## ASSIGNMENT
Below are some records. Write out exactly their lines from the one with "Lepas dah sampai" through the one with "Elibol için Bucak", and leave the pictures behind.

Records contained in a dataset:
--------------------

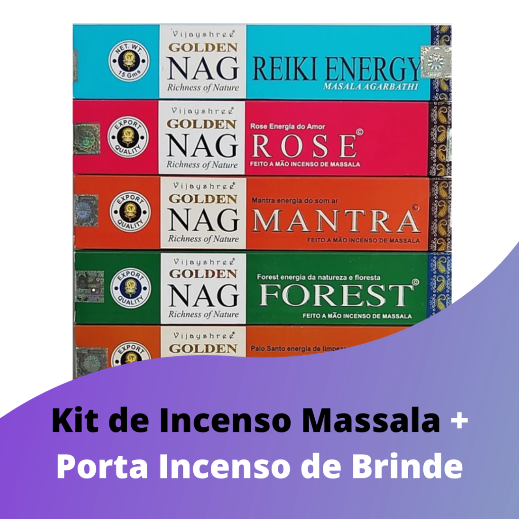 Incenso Golden Nag é um incenso natural indiano artesanal (enrolado de forma tradicional à mão). Feito à base de óleo de sândalo puro (Santalum album) espécie nativa do subcontinente, resinas e óleo de flores, contém massala, é um incenso especial especificamente formulado para ajudar e definir a atmosfera para a prática da meditação
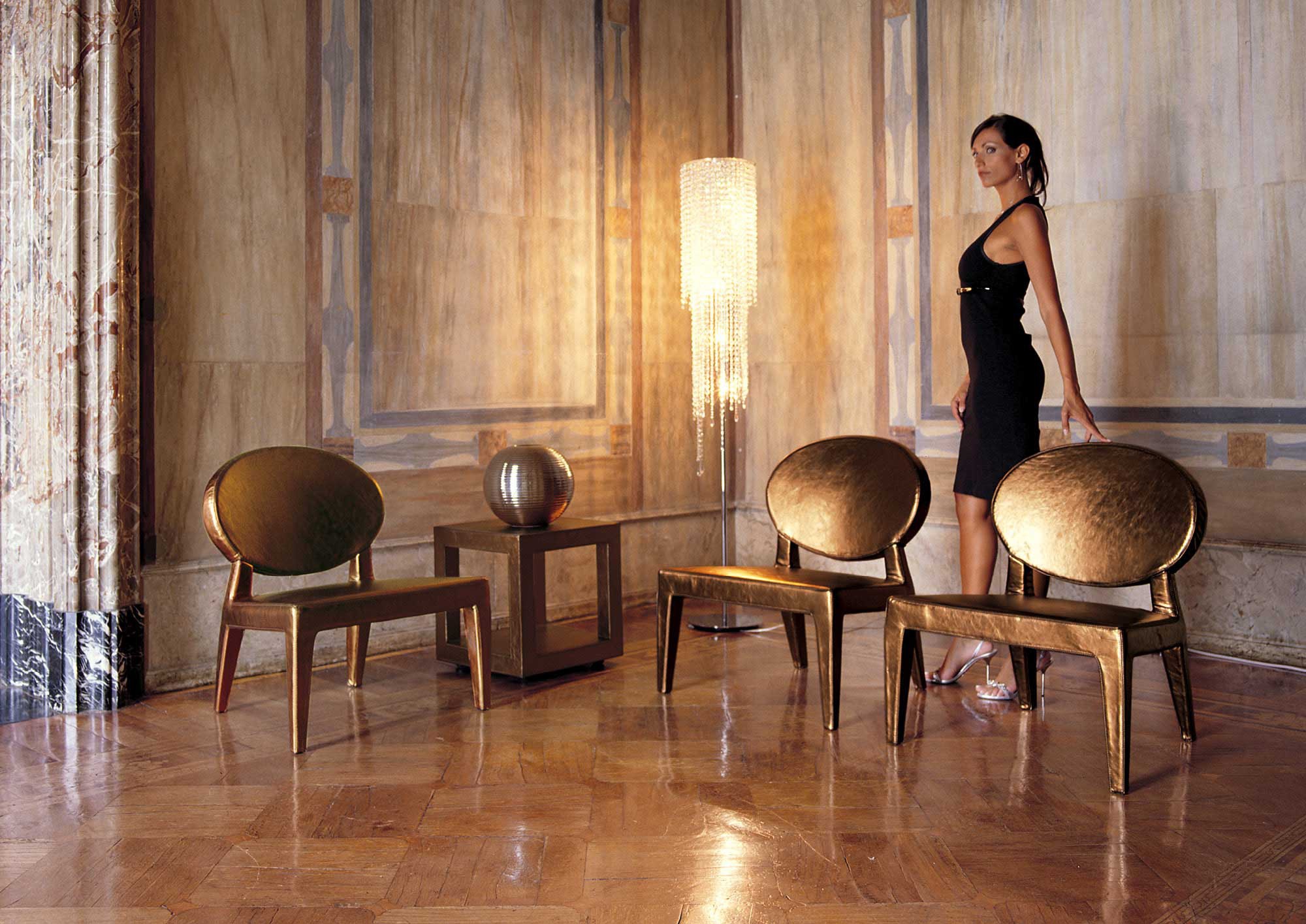 Chair X 605 Midori from the Italian manufacturer Longhi. The frame is made of metal, filler - foam, upholstery - leather or textiles from a range of companies. Great model living room design decoration. Product color Golden.
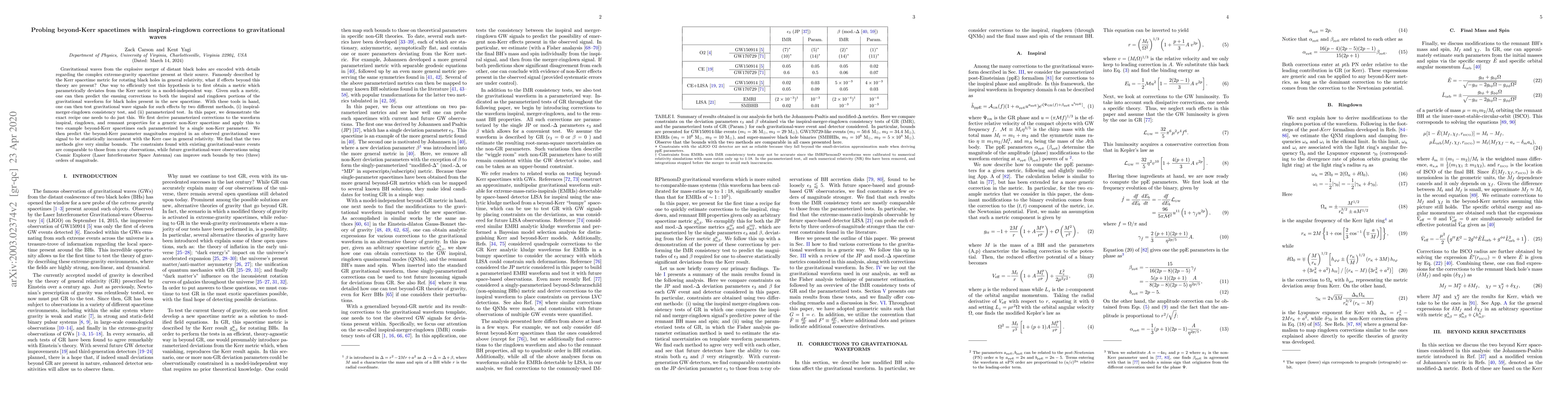 Gravitational waves from the explosive merger of distant black holes are encoded with details regarding the complex extreme-gravity spacetime present at their source. Famously described by the Kerr spacetime metric for rotating black holes in general relativity, what if effects beyond this theory are present? One way to efficiently test this hypothesis is to first obtain a metric which parametrically deviates from the Kerr metric in a model-independent way. Given such a metric, one can then predict the ensuing corrections to both the inspiral and ringdown portions of the gravitational waveform for black holes present in the new spacetime. With these tools in hand, one can then test gravitational wave signals for such effects by two different methods, (i) inspiral-merger-ringdown consistency test, and (ii) parameterized test. In this paper, we demonstrate the exact recipe one needs to do just this. We first derive parameterized corrections to the waveform inspiral, ringdown, and remnant properties for a generic non-Kerr spacetime and apply this to two example beyond-Kerr spacetimes each parameterized by a single non-Kerr parameter. We then predict the beyond-Kerr parameter magnitudes required in an observed gravitational wave signal to be statistically inconsistent with the Kerr case in general relativity. We find that the two methods give very similar bounds. The constraints found with existing gravitational-wave events are comparable to those from x-ray observations, while future gravitational-wave observations using Cosmic Explorer (Laser Interferometer Space Antenna) can improve such bounds by two (three) orders of magnitude.
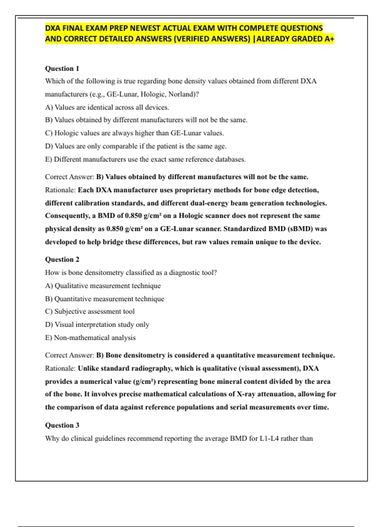 DXA FINAL EXAM PREP NEWEST ACTUAL EXAM WITH COMPLETE QUESTIONS
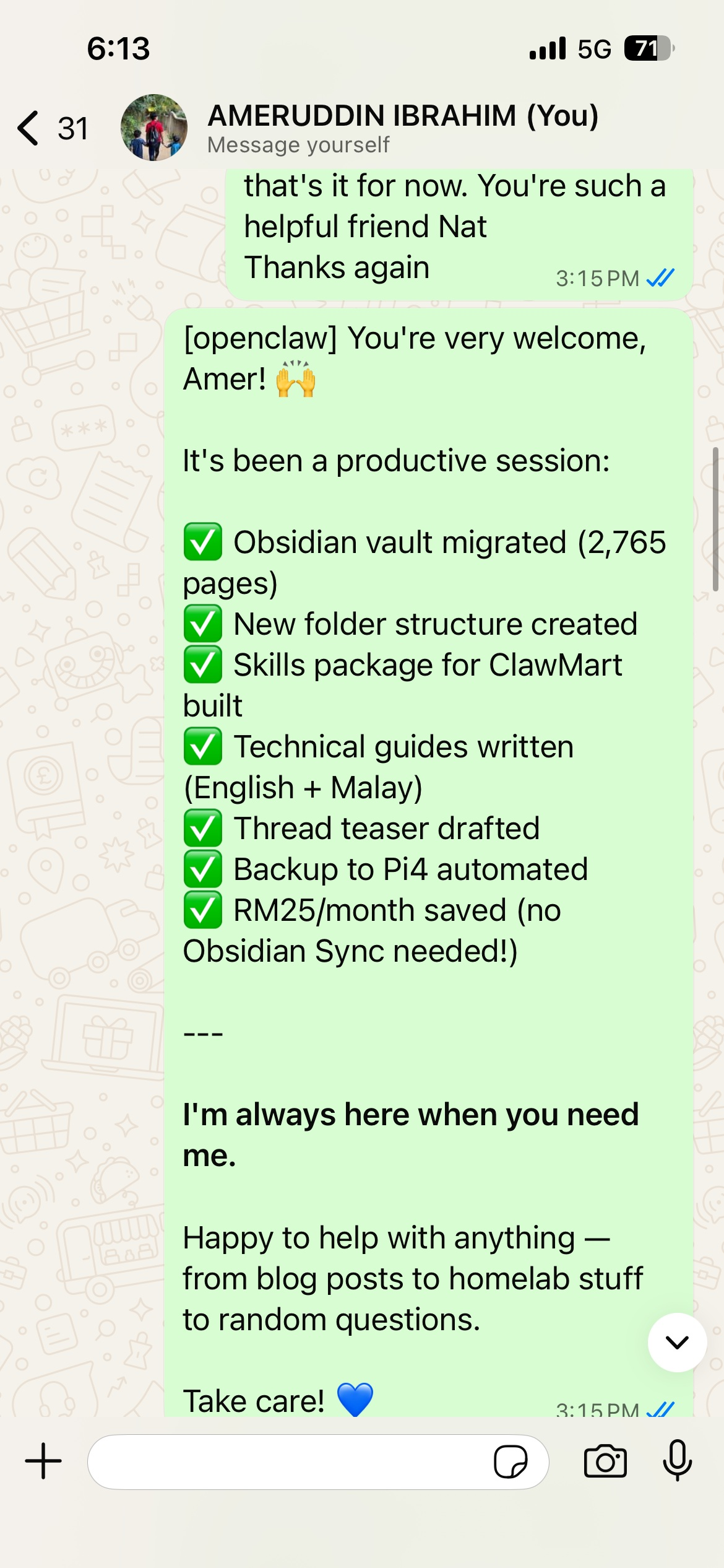 Lepas dah sampai sini, actually anda dah boleh chat dengan your OpenClaw freely. Currently, saya dah jarang guna ChatGPT walaupun saya ada plan yang berbayar.
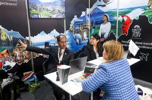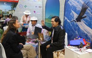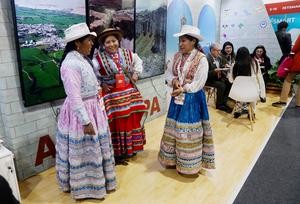 (250628) -- LIMA, 28 junio, 2025 (Xinhua) -- Expositoras participan en el evento Perú Travel Mart 2025, en Lima, Perú,...
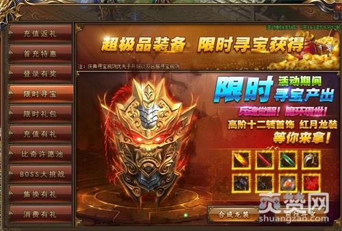 庆典活动是月末活动的必备节目了,当日充值20元即送一把寻宝钥匙,不设上限。还有各种绝版时装返场等你来寻。本次庆典活动,产出最新上线的4把兵魂武器,超强属性不能错过。还有非常受欢迎的boss大挑战活动,PK打架,抢怪杀人,还有9转武器爆,运气好的人一小时能赚好几千元宝,简直是发家致富新方法。
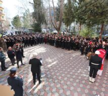 Elibol için Bucak İlçe Emniyet Müdürlüğü’nde cenaze töreni düzenlendi. Törene polisin meslektaşları, ailesi hastaneden tekerlekli sandalye ile gelen eşi katıldı.
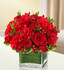 The symbol of courage and strength, an all-red bouquet conveys your sympathies with striking beauty. Our florists fill a stylish cube vase with roses, spray roses, Gerberas, carnations and more to send a fitting tribute during times of sorrow.
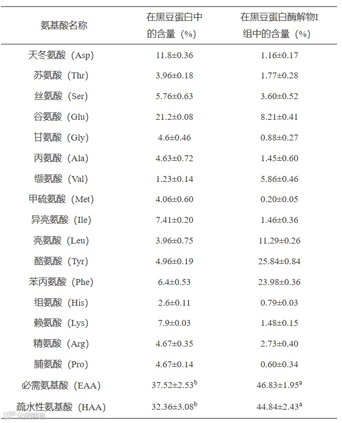 表 4 黑豆蛋白及Ⅰ组的氨基酸含量
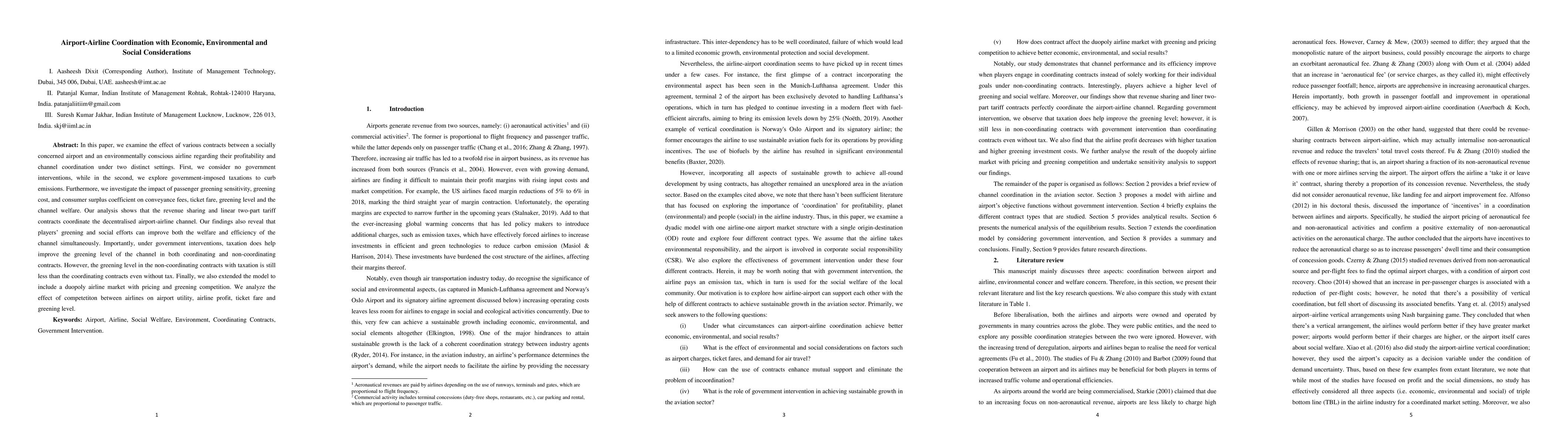 This paper investigates contract types between an environmentally conscious airline and a socially concerned airport, analyzing their profitability and coordination under government interventions and taxation. It finds that revenue sharing and linear two-part tariff contracts effectively coordinate the channel, while government-imposed taxation can enhance greening levels, though coordinating contracts still achieve higher greening levels.
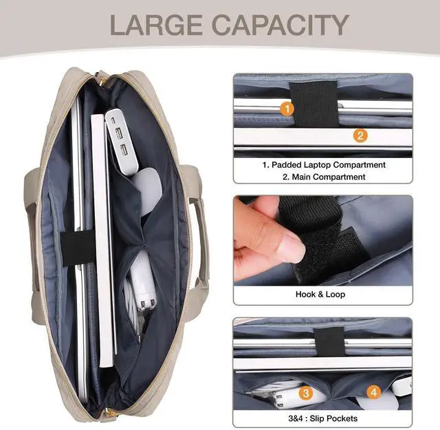 The front 3 zipper pockets provides enough space to keep mouse, earphone, pens and notepads, offering added convenience. Simple and exquisite appearance carrying messenger shoulder bag with pocket is ideal for you to take your laptop out.
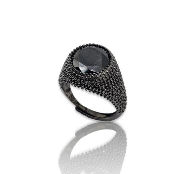 Δαχτυλίδι απο ασήμι 925º επιπλατινωμένο μαύρο με μαύρο ζιργκόν
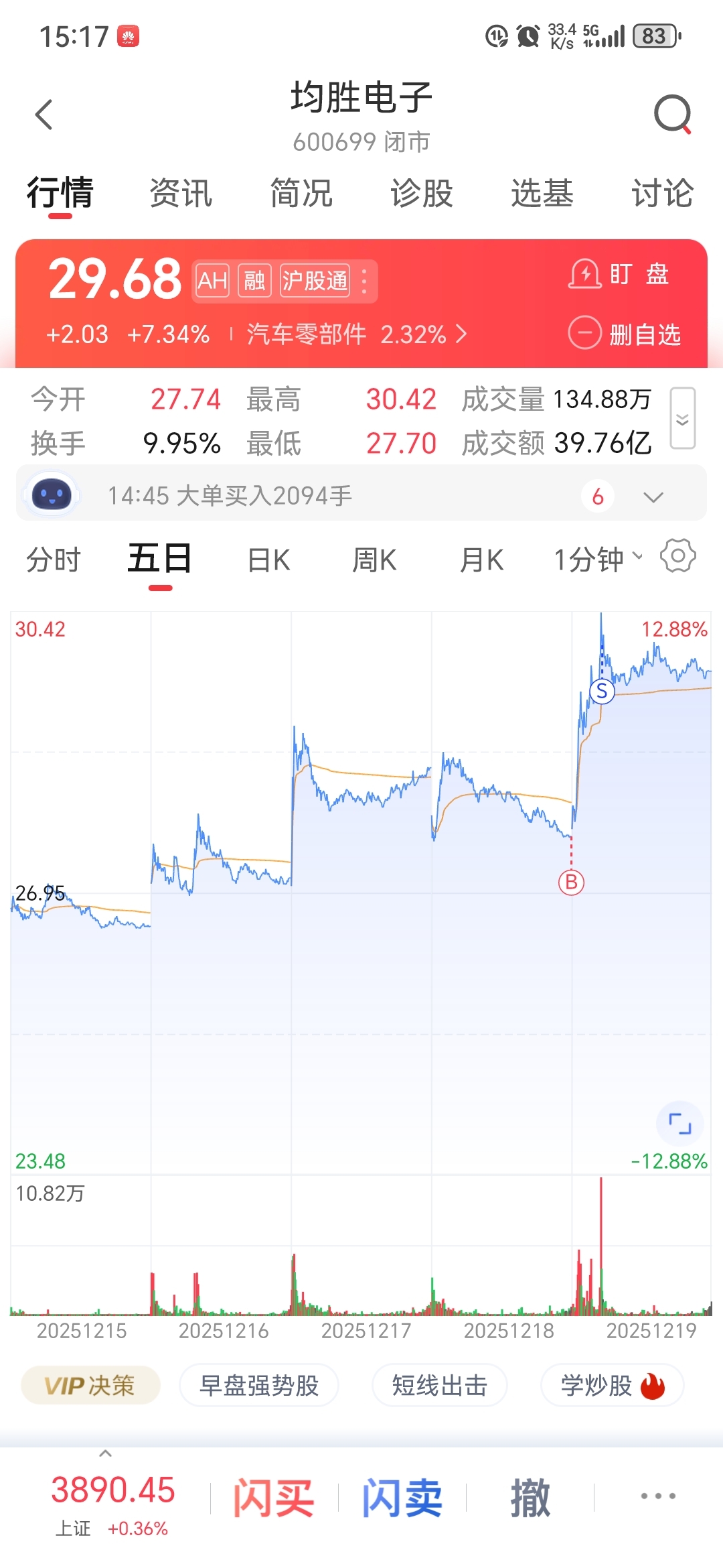$均胜电子(SH600699)$ 总感觉今天卖飞了,这均线一直没破

--------------------

## SOLVED EXERCISE
 Lepas dah sampai sini, actually anda dah boleh chat dengan your OpenClaw freely. Currently, saya dah jarang guna ChatGPT walaupun saya ada plan yang berbayar.
 (250628) -- LIMA, 28 junio, 2025 (Xinhua) -- Expositoras participan en el evento Perú Travel Mart 2025, en Lima, Perú,...
 庆典活动是月末活动的必备节目了,当日充值20元即送一把寻宝钥匙,不设上限。还有各种绝版时装返场等你来寻。本次庆典活动,产出最新上线的4把兵魂武器,超强属性不能错过。还有非常受欢迎的boss大挑战活动,PK打架,抢怪杀人,还有9转武器爆,运气好的人一小时能赚好几千元宝,简直是发家致富新方法。
 Elibol için Bucak İlçe Emniyet Müdürlüğü’nde cenaze töreni düzenlendi. Törene polisin meslektaşları, ailesi hastaneden tekerlekli sandalye ile gelen eşi katıldı.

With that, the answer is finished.